▸ Assigned task:
Among the entries below, only the lines from the one with "four: Pyrolyse |" through the one with "Conjunto de esferográfica" are wanted, reproduced exactly. Pictures are not wanted.

▸ Recorded information:

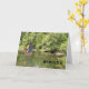 Miss You card for two children at Summer Camp. The front of the card has a small pond in a wooded area with a darker skinned boy and girl. The boy is in a small sail boat and the girl is standing on the dock. This card can be used for twins at camp, a boy, or a girl, or just a brother and sister. Thanks to the hungryjpeg for some of the elements in the design
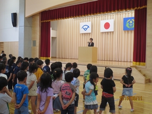 「水泳学習のスタートにあたり、みなさんに3つのお願いがあります。一つ目は『プールに入ることができる日はできるだけ入りましょう。』です。水泳シーズンは短いです。また、来年はもしかすると、工事のために今あるプールに入ることができなくなるかもしれません。感謝の気持ちをもって、たくさんプールに入ってください。二つ目は『目標を持ってプールに入りましょう。』です。8月の終わりには、今よりももっと長く、もっと速く泳ぐことができるようになってほしいです。水泳に関してどんな自分になりたいかをしっかり思い描いて学習に取り組んでください。最後の三つ目は一番大切なことです。『水泳のきまりや、先生方の教えをしっかり守ってください。』です。水泳学習の事故やけがは、すぐに命にかかわります。ルールや約束を必ず守ってください。これら三つのことをしっかり守って、事故やけがのない、楽しい水泳学習にしましょう。」
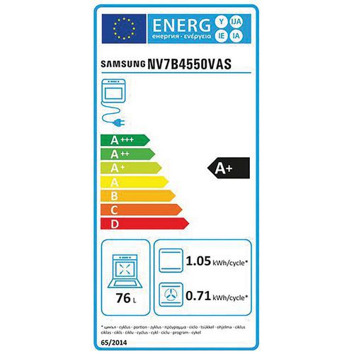 | Intitulé du produit | Four pyrolyse NV7B4550VAS, Procédé de cuisson: Chaleur tournante, Mode de nettoyage four: Pyrolyse |
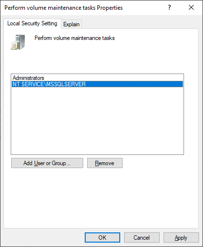 Now that we’ve confirmed IFI is disabled based on the “N” value, let’s get it enabled. To do so, we’ll have to leave the comfort of SSMS and change permissions of the service account running SQL Server.
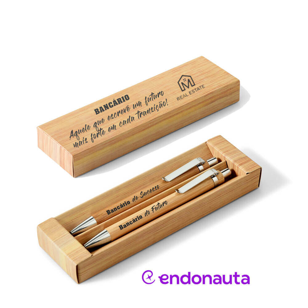 Conjunto de esferográfica e lapiseira em bambu, personalizados em 01 cor.
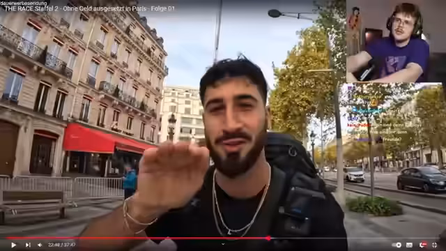 02:35:41Der Streamer äußert seine Kritik an bestimmten Regeln von 'The Race' und stellt sich die Frage, ob das Verkaufen von Ausrüstungsgegenständen auf einem Flohmarkt respektlos sei. Währenddessen versucht er mit den Zuschauern gemeinsam an dem Rätsel 'Wie viele Pferde gibt es am Arc de Triomphe?' zu knobeln, während ein Teilnehmer sich durch Paris auf die Suche nach den nächsten Kontaktpersonen macht.
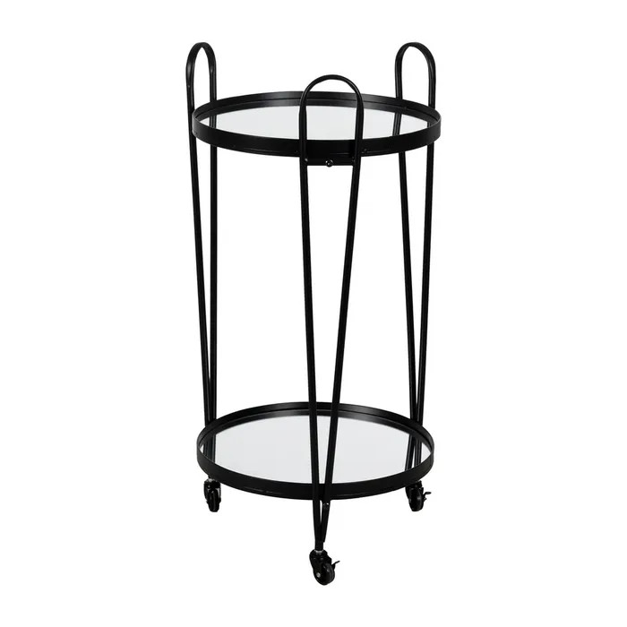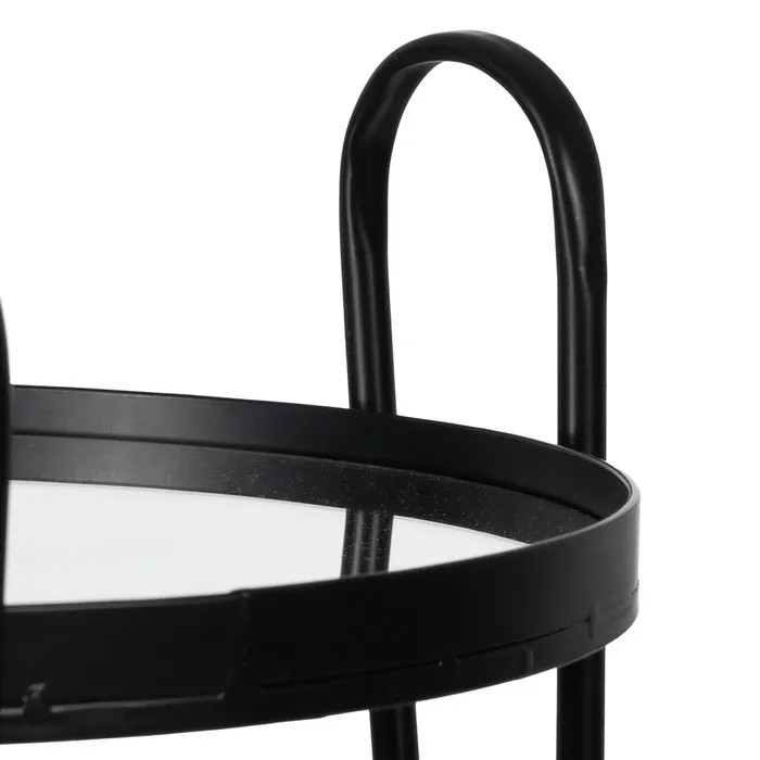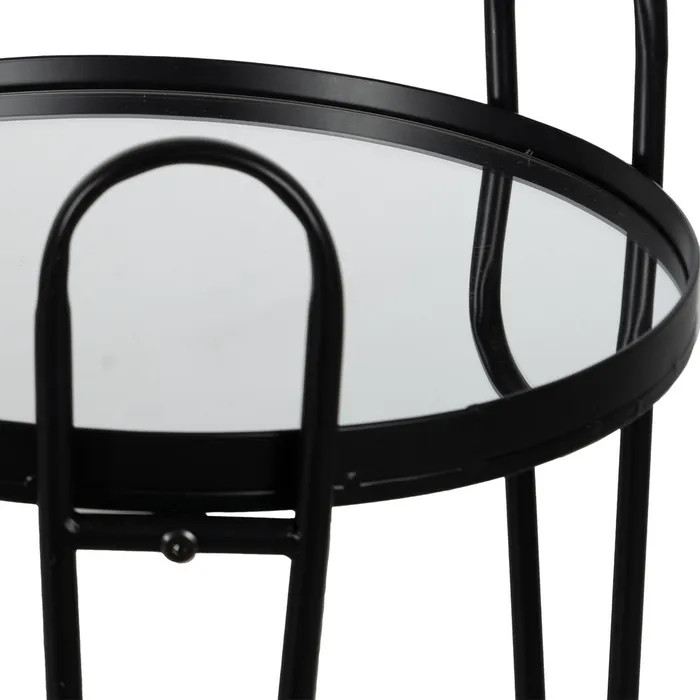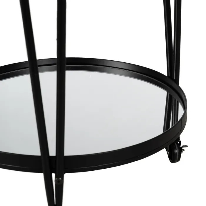Con su diseño redondo y estructura metálica en negro, esta camarera decorativa aporta un aire sofisticado y moderno a cualquier rincón. Los sobres de espejo reflejan la luz y elevan la presentación de tus bebidas o accesorios favoritos, creando un efecto visual elegante y contemporáneo.

▸ Completed task:
 | Intitulé du produit | Four pyrolyse NV7B4550VAS, Procédé de cuisson: Chaleur tournante, Mode de nettoyage four: Pyrolyse |
 Now that we’ve confirmed IFI is disabled based on the “N” value, let’s get it enabled. To do so, we’ll have to leave the comfort of SSMS and change permissions of the service account running SQL Server.
 Conjunto de esferográfica e lapiseira em bambu, personalizados em 01 cor.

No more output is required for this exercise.